HSCs gene therapy is administered by ex vivo gene transfer into hematopoietic progenitors by purifying CD34 surface marker from leukocytes obtained from bone marrow or peripheral blood. Then CD34 purified cells are cultured for approximately 4 days in presence of growth factors and vectors carrying an expression cassette for the corrective gene (Huang et al. 2016). Before administration of the modified cells, patient’s progenitor and differentiated cells are depleted in the bone marrow following chemotherapy. The depletion favors the engraftment of ex vivo corrected gene therapy; however, they also cause secondary tumors and infertility (Copelan 2006). To overcome these problems, several HSCs gene therapy have concentrated by lowering the chemotherapy dosage that are used for HSC transplantation, but they are yet to be determined. Lenti-viral HSCs gene therapy shows high level of hematopoiesis with the corrected genes in most patients and has been no report of adverse events related to lenti-viral gene therapy. Apart from lenti-viral therapy, genome editing by use of CRISPR system shows a great promise for hematopoietic stem cell therapy as more researchers are focusing on improved gene delivery system with efficient gene targeting (Mandal et al. 2014).
MSC gene therapy
Mesenchymal stem cell (MSC) gene therapy have been widely used in clinical trials due to their heterogenetic properties (Bianco 2014). MSC are classified as postnatal, self-renewing multipotent stem cells that are capable of multilineage differentiation. They are also defined by their spindle shaped morphology, adhering capability in vitro and unique cluster expression during cell differentiation (Wei et al. 2013). Stromal MSCs are defined differently from classic MSC as they are classified from various tissues and shows the properties of fibroblastic markers and when transplanted modulate the host immune system. Due to their safety regarding the short existence, anti-inflammatory properties and homing to damage sites they are widely used for allogenic cell transplantations and clinical studies (Wang et al. 2016). For the past few years, the number of registered clinical trials of MSC gene therapy has increased but the distribution of clinical pipeline is still a major hurdle to overcome. The pleiotropic properties of MSCs provides a broad range for their potential in regeneration of organ tissues, immune related disorders and neurodegenerative diseases (Table 1) and moreover translational studies have proved their attractiveness for clinical use (Glenn and Whartenby 2014). By the end of 2016, there were over 500 clinical studies related to MSC therapy, the main clinical indications being autoimmune diseases and bone cartilage (http://clinicaltrials.gov/).
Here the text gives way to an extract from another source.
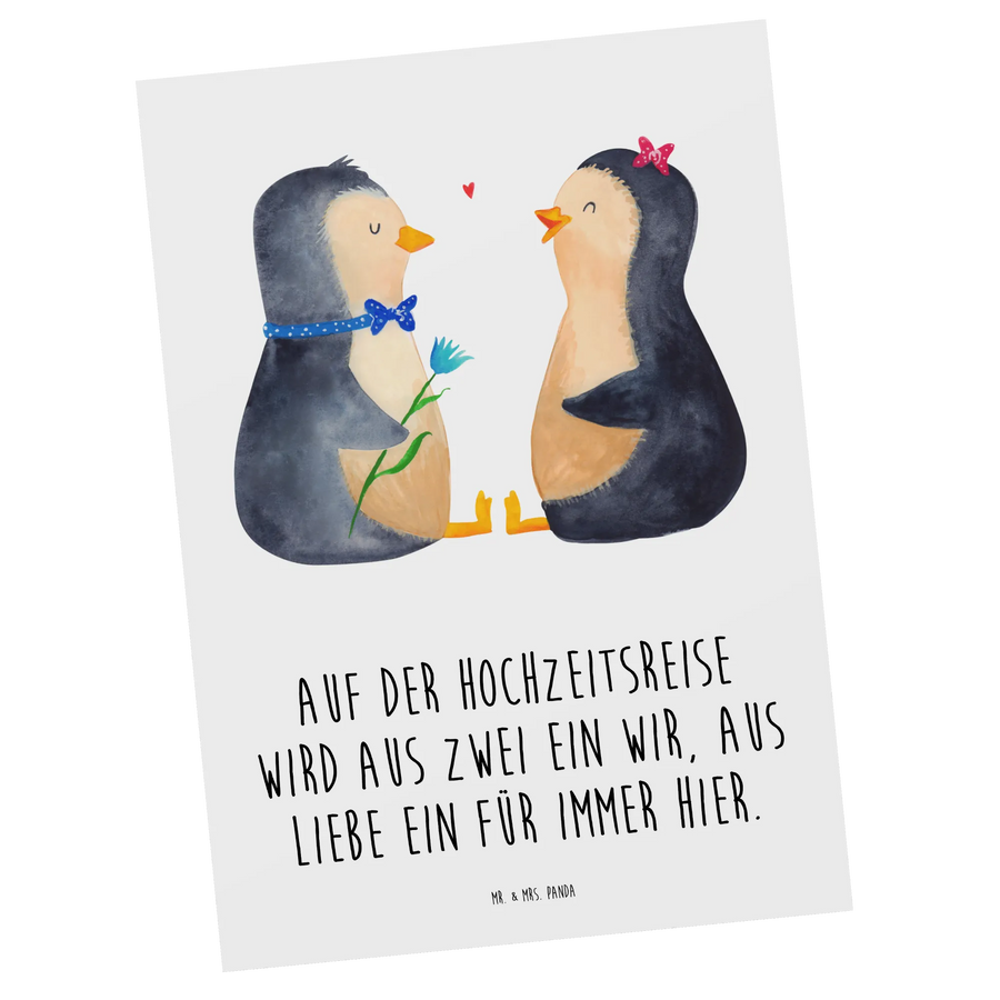 Das süße Design mit den charakteristischen Mr. & Mrs. Panda Motiven ist ideal für Hochzeiten und andere romantische Anlässe. Verschenke diese zauberhafte Postkarte als Dankeskarte, als Einladung zur Hochzeit oder als liebenswürdiges Geschenk zur Verlobung. Die Hochzeitskollektion von Mr. & Mrs. Panda bietet viele weitere tolle Produkte an, die den schönsten Tag im Leben noch unvergesslicher machen. Die Karte sorgt nicht nur für Freude bei den Beschenkten, sondern weckt auch Erinnerungen an einen der aufregendsten Tage. Lasse die Liebe sprechen mit dieser besonderen Postkarte – das ideale Accessoire für jeden romantischen Anlass und eine schöne Erinnerung an die gemeinsamen Erlebnisse. Egal ob für das Brautpaar, die Trauzeugen oder die Gäste, diese Hochzeitsreise Postkarte ist das perfekte Geschenk für jeden, der auf der Suche nach einem liebevollen, persönlichen Mitbringsel ist.

Immune suppression properties of MSC have important roles in suppressing activated T-cells and their host disease (GVHD), to overcome the serious consequence of GVHD MSC have been used in clinical studies due to their immunosuppressive properties. Several phase II clinical studies have shown lower transplant related mortality and higher survival rates when treated together with MSCs. Children suffering from stage III–IV GVHD received MSC and about 42% of the children survived for a medium of 611 days leading to approval of Prochymal MSC for severe pediatric GVHD in Canada and New Zealand. Apart from clinical studies, diverse researches has been carried out using gene targeting such as down-regulation of TGF-beta expression, inhibition of infiltration of immune cells via down-regulation of CCR4 and CCR8 on monocytes (Lim et al. 2017), microRNA based strategy by knock-down of let-7a to improve MSC immunotherapy (Yu et al. 2017). Apart from immunosuppressive properties, MSCs have been widely used for myocardial infarction, ischemia stroke, osteoarthritis and liver diseases (Buzhor et al. 2014). In myocardial infarction, allogeneic MSC transplants have shown improved ventricular ejection fraction and also the use of exosomes derived from MSCs have been widely used (Gonzalez-King et al. 2017). Various gene therapies have been researched on such as the peptide modified MSC using miR-133b for treatment of cerebral ischemia (Huang et al. 2017) also micelles were used for siRNA transfection into mesenchymal stem cells (Raisin et al. 2017). Bone marrow derived MSCs are widely used for bone and cartilage repair and in osteoarthritic patient’s intra-articular injection of MSC resulted in strong improvement of cartilage coverage (Jo et al. 2014) and modified mRNA for BMP-2 to induce osteogenic pathways in MSCs (Balmayor et al. 2017). Due to the advantage of the mesenchymal stem cells, stem cell therapy can be broadened to diverse diseases.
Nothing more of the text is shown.